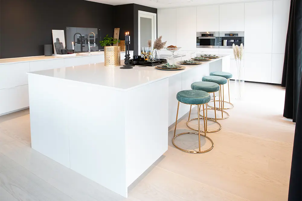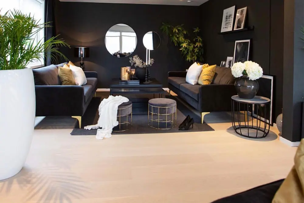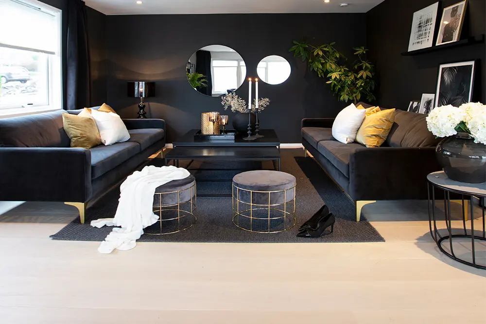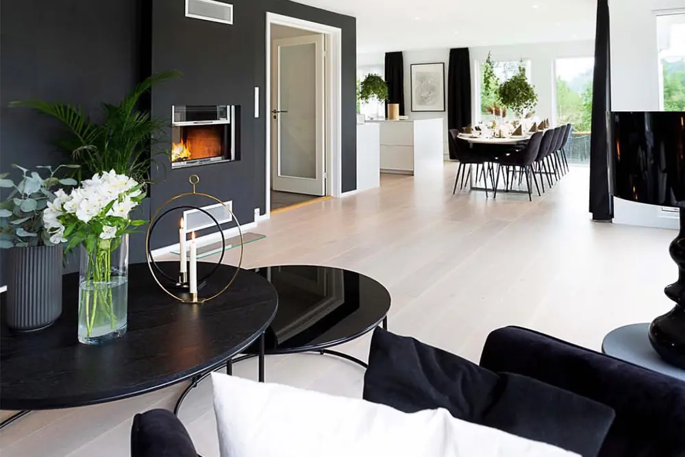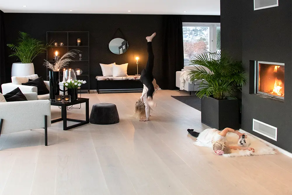 In dit huis in Kristiansand wonen Mona en haar gezin. In het interieur wordt heel leuk gespeeld met de lichte vloer en de donkere contrasten zorgen voor een prachtige balans.
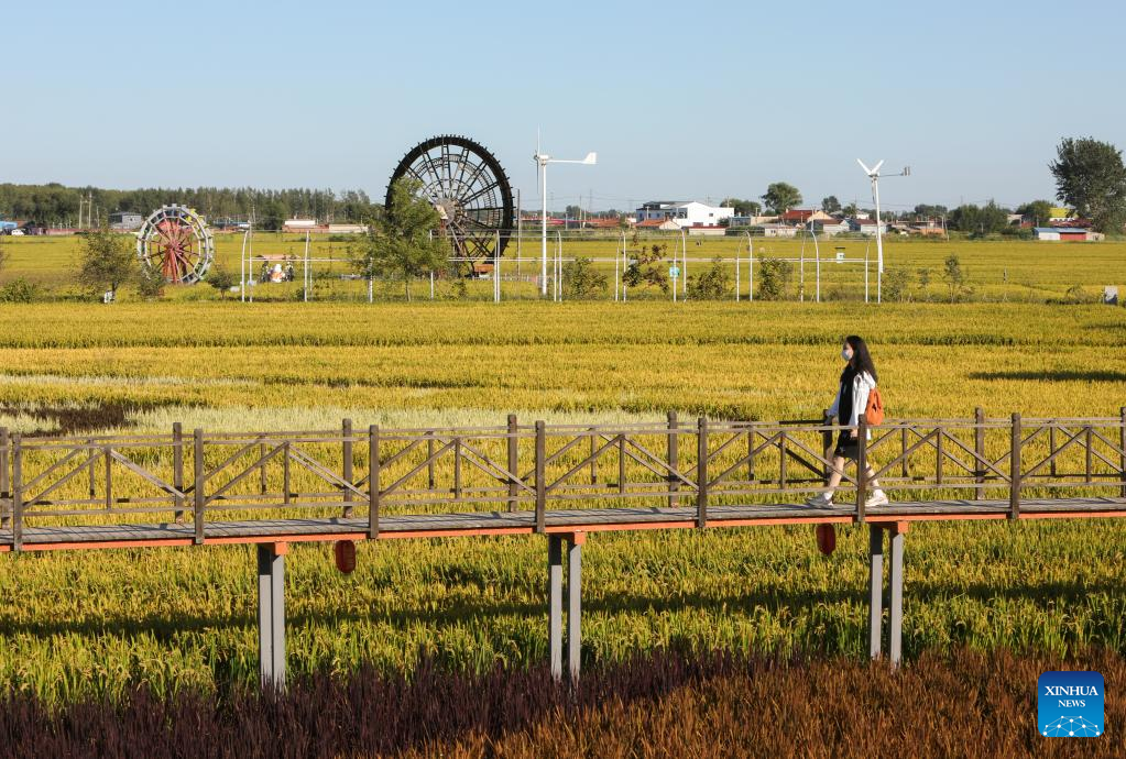 A tourist views scenery in paddy fields in Shenyang, northeast China's Liaoning Province, Sept. 1, 2022. (Xinhua/Yang Qing)
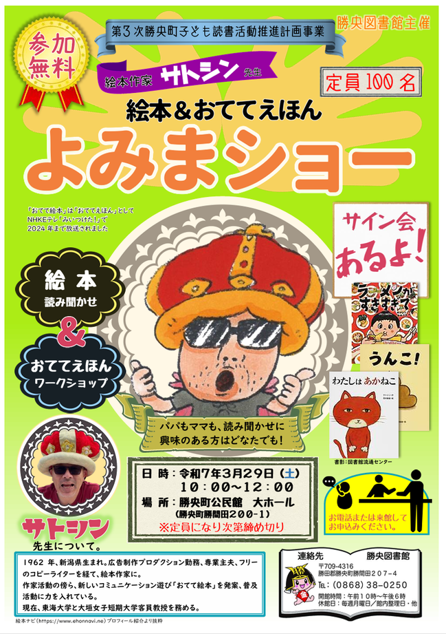 【日程】令和7年3月29日(土)【時間】10:00~12:00【会場】勝央町公民館 大ホール(勝央町...
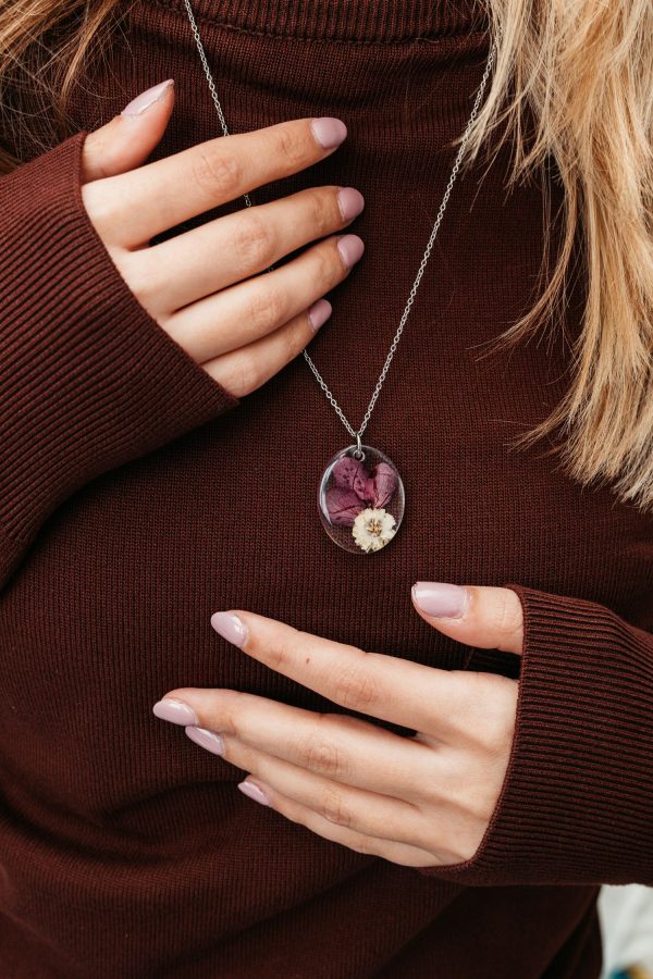 Ogrlica je izrađena sa bijelim cvijetom i laticama cvijeta ukrasne trešnje. Simbol ljepote, elegancije, iskrenosti, ali i novih početaka, prolaznosti i nade.
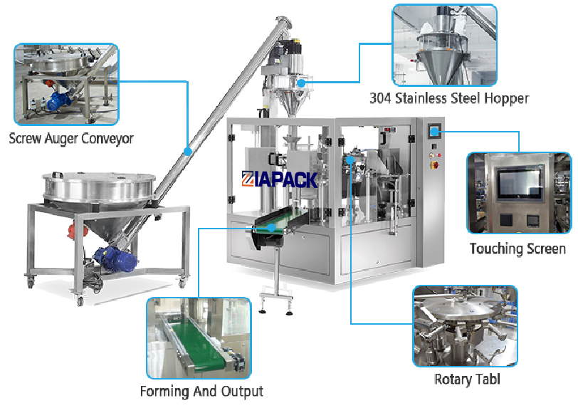 Ushbu mashina sumkani avtomatik ravishda olib, sumkani ochishi, materialni to'ldirishi va sumkani muhrlashi mumkin. Turli xil kukunli materiallarni qadoqlash uchun keng qo'llaniladi.
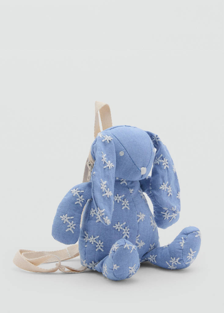 100% Cotton. Little rabbit design. Floral embroidery. Two adjustable handles. Top handle. Zipper closure
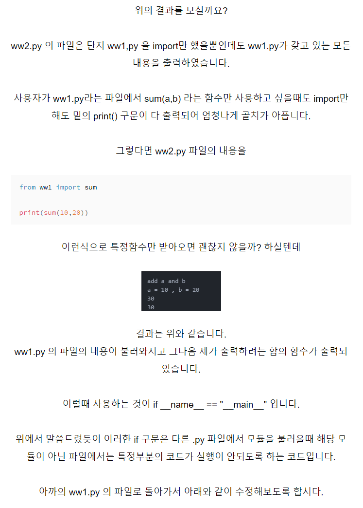 결론을 짓자면 모듈에 if __name__=="__main__"이라는 조건문을 넣어주고 그 아래는 직접 실행시켰을 때만 실행되길 원하는 코드들을 넣어주는 것으로 생각하면 쉬울 것이다.
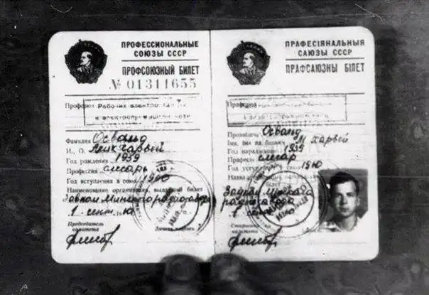 Профсоюзный билет слесаря Минского радиозавода Ли Харви Освальда.

------------------------------

Your task is to transcribe exactly the lines from the one containing "결론을 짓자면 모듈에" through the final line of the entries above, pictures excluded.

▸ **Answer section**:
 결론을 짓자면 모듈에 if __name__=="__main__"이라는 조건문을 넣어주고 그 아래는 직접 실행시켰을 때만 실행되길 원하는 코드들을 넣어주는 것으로 생각하면 쉬울 것이다.
 Профсоюзный билет слесаря Минского радиозавода Ли Харви Освальда.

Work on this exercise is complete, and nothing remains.